What is it about the way our organizations are managed that makes change so difficult?
How can these systems problems be fixed so that more patients are not harmed?
THE EVOLUTION OF RISK MANAGEMENT IN HEALTH CARE
Risk management in health care emerged as a result of the malpractice crisis of the 1970s. Healthcare institutions realized that the corporate world had a way of addressing the financing or transfer of risk through the purchase of insurance and created a specific position for a risk manager to manage the relationships around those decisions. As malpractice verdicts and settlements continued to rise, healthcare administrators recognized the potential value of developing a more proactive approach. Even as the insurance crisis was coming to an end, there was an increased sense of the importance of managing or eliminating the clinical risks that had resulted in a rise in the costs of insurance. Professionals with clinical experience were hired with the hope that they could identify the systemic problems in specific clinical areas (primarily obstetrics, anesthesia, and the emergency department), engage clinicians and educate them about the need to modify specific behaviors, and work collaboratively with others on the clinical and administrative teams to help design environments that would be more conducive to the delivery of safe care. Although at times successful—for example, the dramatic changes in safety associated with the delivery of anesthesia and the enhancement of patient quality in that specialty—generally the hard work did not pay off. The insurance market softened, as cyclical markets do, and many risk managers were again able to demonstrate their value by successfully negotiating risk transfer arrangements with steadily declining costs.

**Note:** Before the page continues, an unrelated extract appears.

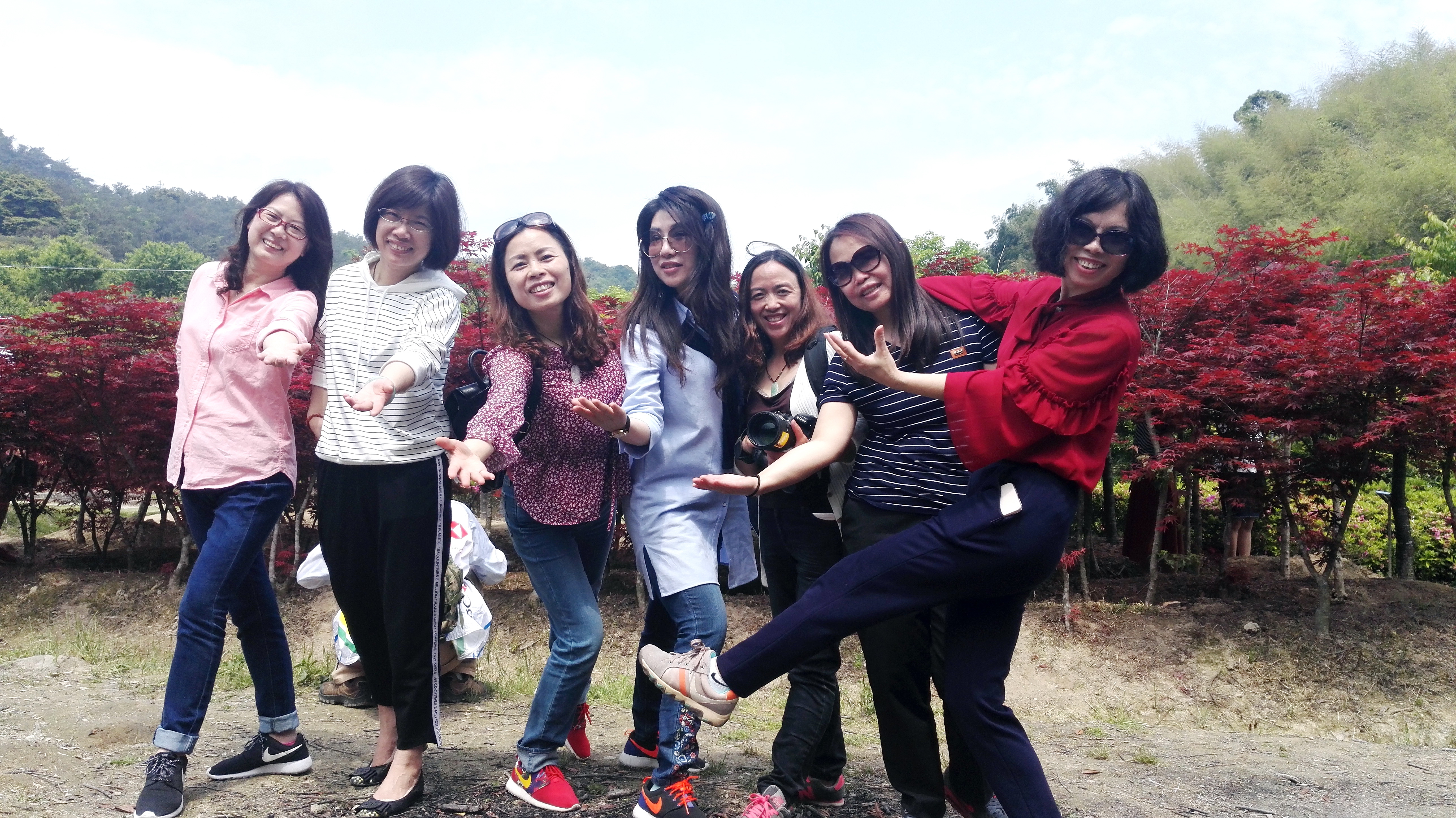 院工会组织院教职工来到了福州北峰鹅鼻村快乐园,这里赏花正当季!步入园区,惊艳大家眼球的首先是绵延道路两侧,延伸至漫山遍野的杜鹃花海,引得爱美的女教工们纷纷驻足,留下倩影。远处,成片的日本红枫如晚霞般红遍山野,与漫山盛开的杜鹃争芳斗艳。谁说只有深秋可赏枫?林间飞翠鸟,鸣叫山涧间;绿地跑小羊,温驯不惧人;水中游红鲤鱼,绕膝来讨食。同去的几位外教老师对这世外世外桃源般的快乐园非常感兴趣,好奇地问这问那,非常惬意。在午餐间,大家都感叹:院工会组织的这次春游,舒适又休闲,让老师们得以放松平日繁忙教学中疲惫的身心,在美丽的花与叶的自然世界里漫游,绽放开心的笑容,增进彼此的交流。正是:粉绯醉红满目笑,不负春光快乐园!

Now we are faced with even more significant challenges: the insurance market is again tightening in response to a dramatic escalation in malpractice verdicts and settlements,2 some appropriately attributed to juries with no real understanding of the issues they are being asked to evaluate and others seemingly closely related to an industry under considerable stress. Many markets are consolidating, becoming insolvent, or electing to cease their underwriting of medical malpractice risk. Others are increasingly selective and costly when making a decision about offering coverage.3 In addition, the events that occurred on 11 September 2001 in the US caused many markets to reconsider their business strategy. In all likelihood this event will further increase prices and decrease the amount of insurance protection available. In the light of these dramatic changes, we propose that, rather than trying to rely on what has been learned from the past, risk managers should attempt to chart a new future.

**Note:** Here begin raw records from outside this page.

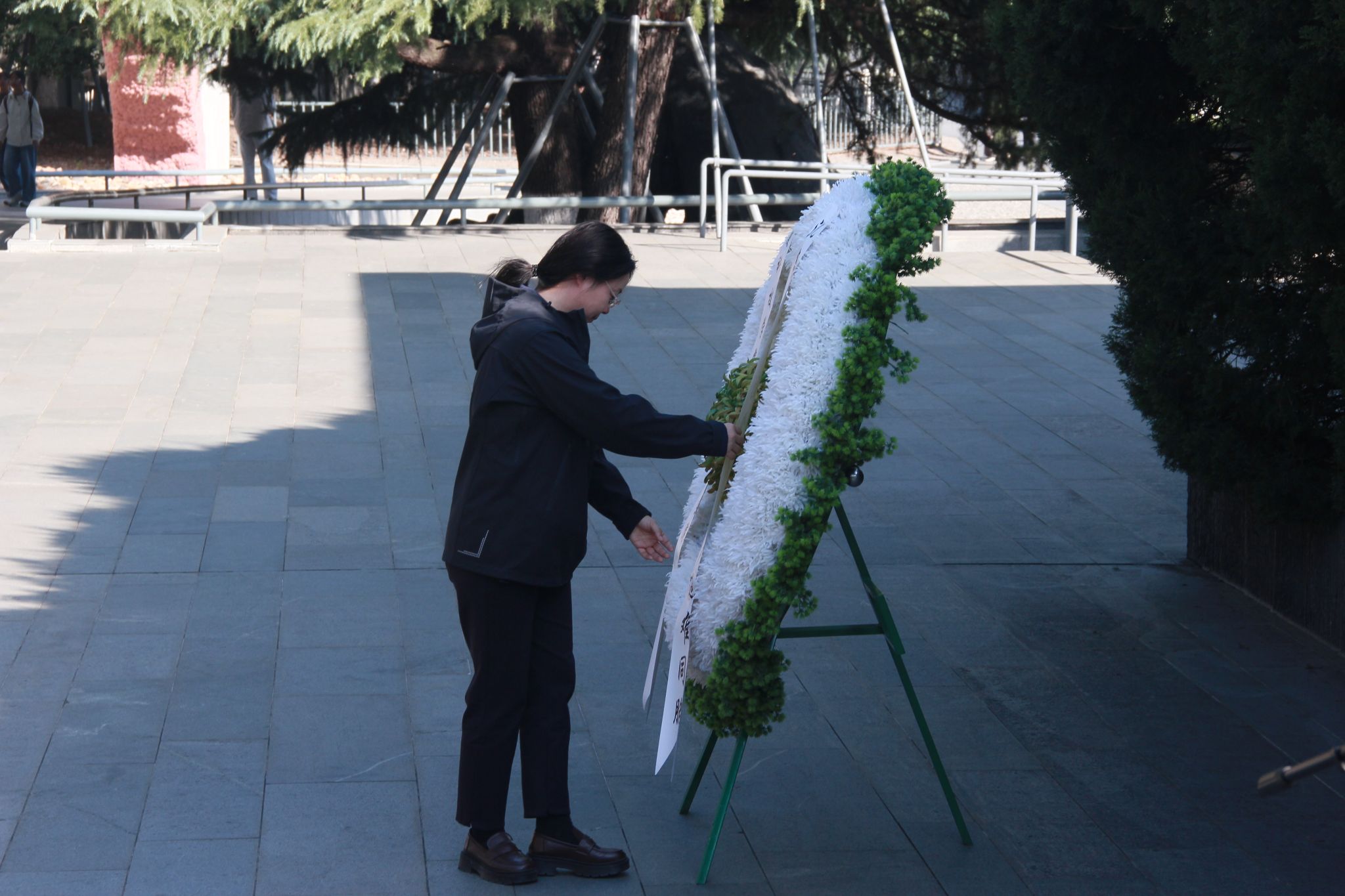 下午2时,全体党员佩戴党徽,怀着沉重肃穆的心情走进纪念馆。在悼念广场前整齐列队,学院党委书记杨如丽整理缎带,带领师生党员向“哭墙”遇难者姓名墙敬献花圈,师生党员在300000余遇难者姓名构成的黑色花岗岩墙面前,向遇难同胞默哀一分钟。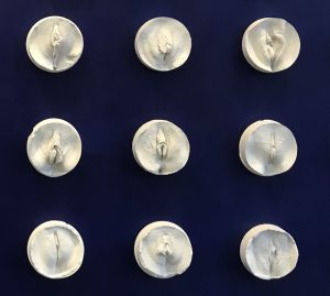 Viva la Vulva 40 vulva afdrukken van gips, gemaakt voor de documentaire “Tussen de lakens met Geraldine”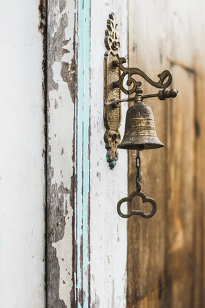Antique brass bell attached to entrance facade door wall
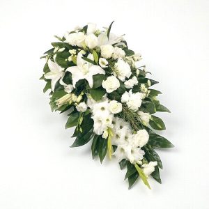 Crafted with delicate roses, lilies, gladioli, and other seasonal flowers, this single-ended spray provides a respectful and elegant tribute. Our expert florists complete the arrangement with additional foliage for a lush, full look.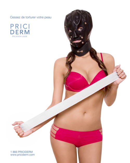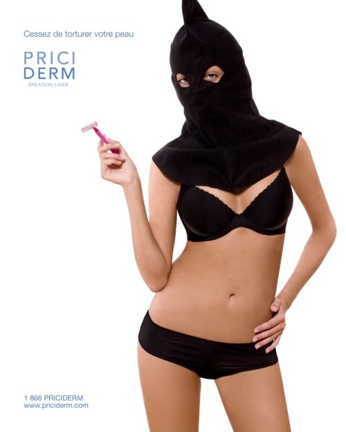 Priciderm: бреются только садисткиЛюбую женщину можно обвинить в садомазохизме, если она применяет такие способы эпиляции, как, например, бритье. Но если вы не хотите быть садисткой и мучить свою кожу, то лазерная эпиляция в клинике Priciderm - это как раз то, что вам нужно.Надпись: "Хватит мучить свою кожу." Агентство: Carte Blanche, Монреаль, Канада Творческий директор: Johann Smith Арт директор: Patrick de Varennes Копирайтер: Johann Smith, Marc-Andr? Tr?panier Фотограф: Jakob Lorenz |

Although the hairsplitting continues around the data presented in the first IOM report, and healthcare practitioners and researchers continue to argue about the precise numbers of patients who die from or suffer medical errors annually,4 many would suggest that the actual number is less important than the fact that anyone dies needlessly from preventable medical error.
The Institute of Medicine's most recent report “Crossing the quality chasm”5 helps answer these questions associated with the difficulty in creating safer health care by pointing out the obvious: “Trying harder will not work. Changing systems of care will”. The US healthcare system has continued safety and quality problems because it relies on outmoded systems of work. Poor designs set the work force up to fail—regardless of how hard they try—and the fragmentation and hierarchical structure of most healthcare organizations impedes the ability of our organizations to make true and lasting progress. These barriers may be compounded by the fact that risk management often performs its function in a manner that is not fully integrated into the structure of the organization, so changes may be episodic and unit or incident focused and not sustained and organization wide. No one will argue that we all seem to be working harder, but are we working smarter, are we prioritizing effectively and doing the work that really matters to our organizations and the patients they serve, and are we able to create a business case justifying the need for change based on a sound and realistic economic analysis?
An important initial step in the promotion and understanding of patient safety will be to develop a reporting tool that can be used by all staff to report adverse events and near misses and simultaneously to create a culture in which such reporting is encouraged and rewarded.
“. . . medical errors are inherent in the work of healthcare providers”
Historically, one of the most significant sources of risk management was the patient incident or the lawsuit that often followed. Even proactive risk management activities often were instituted only after a problem, or a provider was identified as high risk. When an adverse event was reported it was the top priority to meet with all parties involved in the treatment of the patient, record the information, and counsel them not to repeat the information to anyone else. Protecting the financial security of the hospital and the reputation of the hospital was the number one goal. Risk managers were primarily focused on managing the adverse events. In some organizations occurrence reports were evaluated and trends were identified, but the goal was not necessarily to develop corrective action proactively based on the identified trends. What is now increasingly clear and has been a theme in many of the discussions related to patient safety and medical error is that medical errors are inherent in the work of healthcare providers. “The evidence is overwhelming. Medical errors most often result from a complex interplay of multiple factors; only rarely are they due to the carelessness or misconduct of single individuals. Yet, in the past, rather than addressing those underlying system design (emphasis added) faults, error prevention strategies have relied almost exclusively on enhancing the carefulness of the caregiver.”6 What needs to change is the way in which risk management is orientated. We must be part of a team that constructs a root cause analysis of systems and structures in advance of those risks actually materializing, so embedding a risk management discipline into the fabric of healthcare operations and corporate and strategic planning.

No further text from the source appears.